WORK INSTRUCTIONS: Pictures in the entries below are excluded; copy only the lines from the one containing "Snirkelkopperne er hånddrejede" to the one containing "Happyショッピング スーバーマーケット グロッサリー【デコパーツ】D-0583-bag", both included.

Collected data:
※
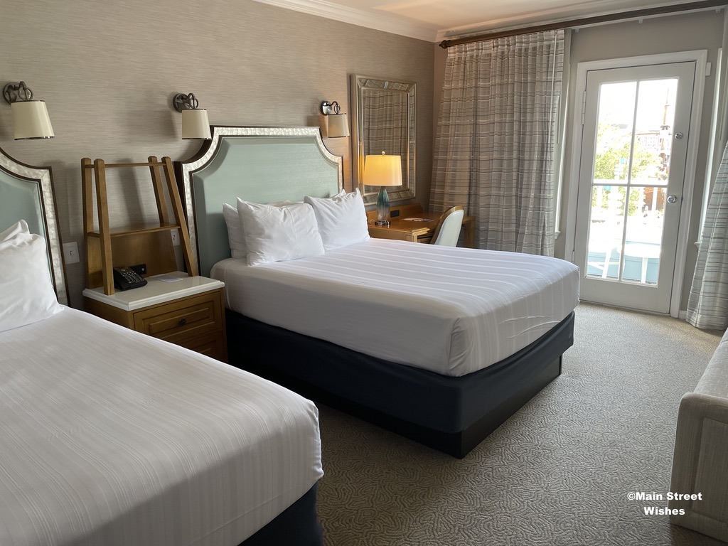 The rooms that are available at the deluxe level offer you a choice of a studio, one bedroom suite, or 2 bedroom suite. The studios are set up like the studios at the moderates. They have 2 queen beds, television, dresser, closet area, sink/vanity, and the tub/shower and toilet (separate from the sink/vanity). The rooms at each of the resorts may vary with what type of beds are offered. Some, like the Beach Club, have a daybed, so the studios can sleep five people. Each of these room types have different views available for different costs.
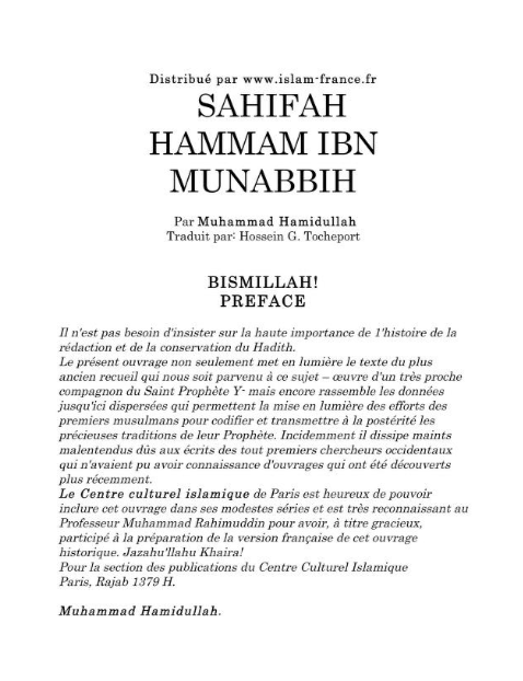 Note: The original 9th-century Berlin manuscript of the Sahifah is not publicly available. This is Hamidullah’s 1978 edition based on those later manuscripts.
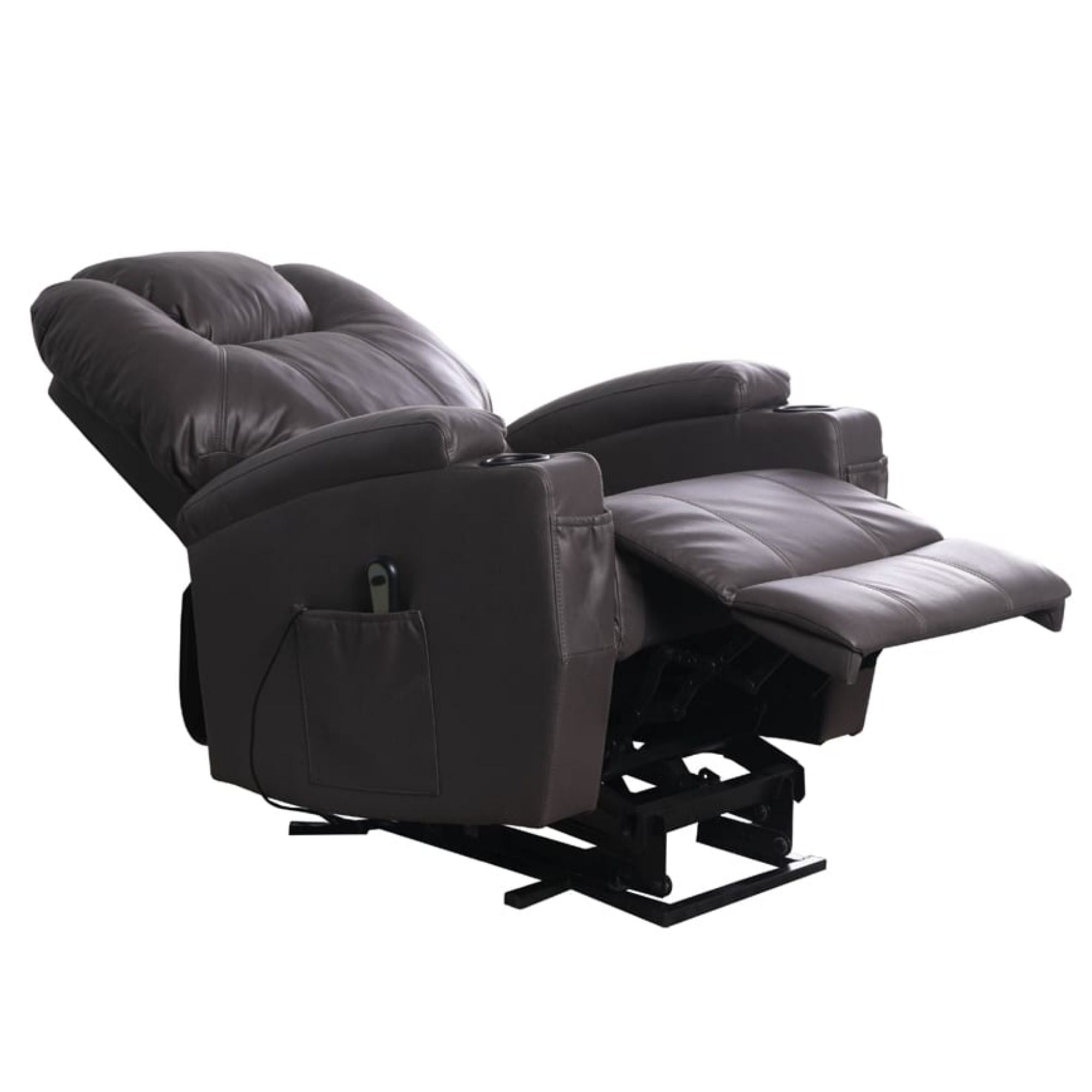 Relax in comfort and style with the T1014 Power Recliner Lift Chair. Recline or use the lift function for easy standing, while plush cushions and soft air leather provide full-body support. Side pockets and cup holders keep essentials close, and the wired remote ensures effortless control.
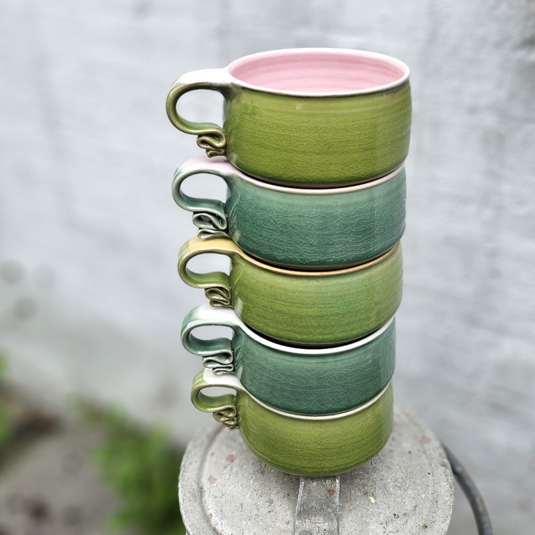 Snirkelkopperne er hånddrejede og hver enkelt hank er trukket i hånden af mig, uden opskrift. Du får derfor en helt unik kop som ikke findes magen til. Nogle har store hanke, andre har små. Nogle har mange snirkler og krøller, andre blot en enkelt. Find din favorit eller hold øje med siden, der kommer løbende nye til.
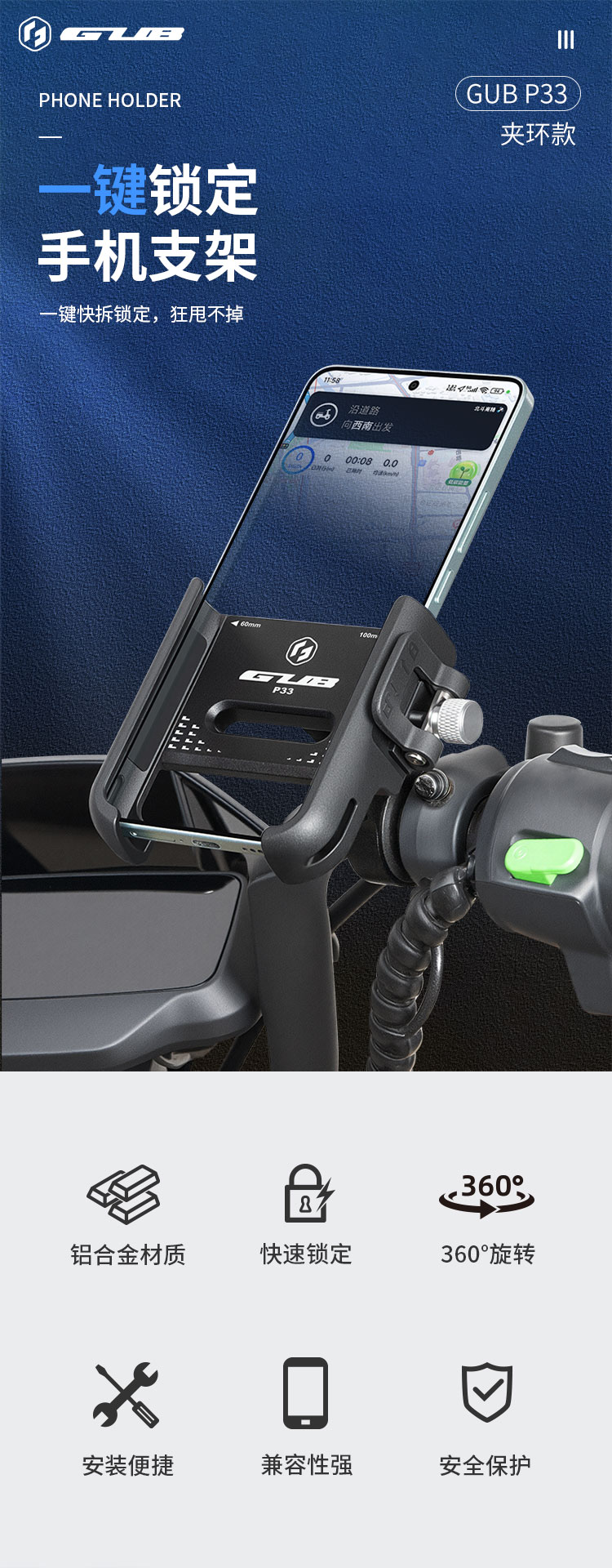 GUB P33 快拆式手機(jī)支架(夾環(huán)款)
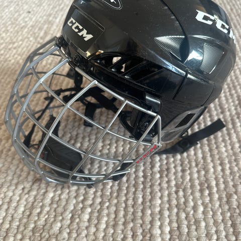 CCM hockeyhjälm med galler i svart färg. Hjälmen har justerbar passform och är utrustad med metallgaller framtill för ansiktsskydd. Ventilationsöppningar finns på ovansida och sidor för luftflöde. Certifieringsmärkning enligt HECC och ASTM F1045-07 syns på baksidan.
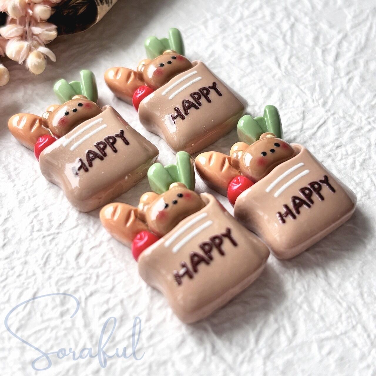 【4個】くまちゃんとお買い物 Happyショッピング スーバーマーケット グロッサリー【デコパーツ】D-0583-bag
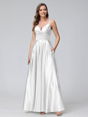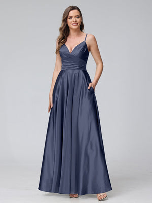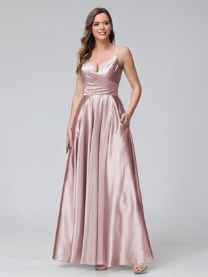A Line/Princess Satin V-Neck Sleeveless Floor-Length Bridesmaid Dresses
※
TASK OUTPUT:
 Snirkelkopperne er hånddrejede og hver enkelt hank er trukket i hånden af mig, uden opskrift. Du får derfor en helt unik kop som ikke findes magen til. Nogle har store hanke, andre har små. Nogle har mange snirkler og krøller, andre blot en enkelt. Find din favorit eller hold øje med siden, der kommer løbende nye til.
 GUB P33 快拆式手機(jī)支架(夾環(huán)款)
 CCM hockeyhjälm med galler i svart färg. Hjälmen har justerbar passform och är utrustad med metallgaller framtill för ansiktsskydd. Ventilationsöppningar finns på ovansida och sidor för luftflöde. Certifieringsmärkning enligt HECC och ASTM F1045-07 syns på baksidan.
 【4個】くまちゃんとお買い物 Happyショッピング スーバーマーケット グロッサリー【デコパーツ】D-0583-bag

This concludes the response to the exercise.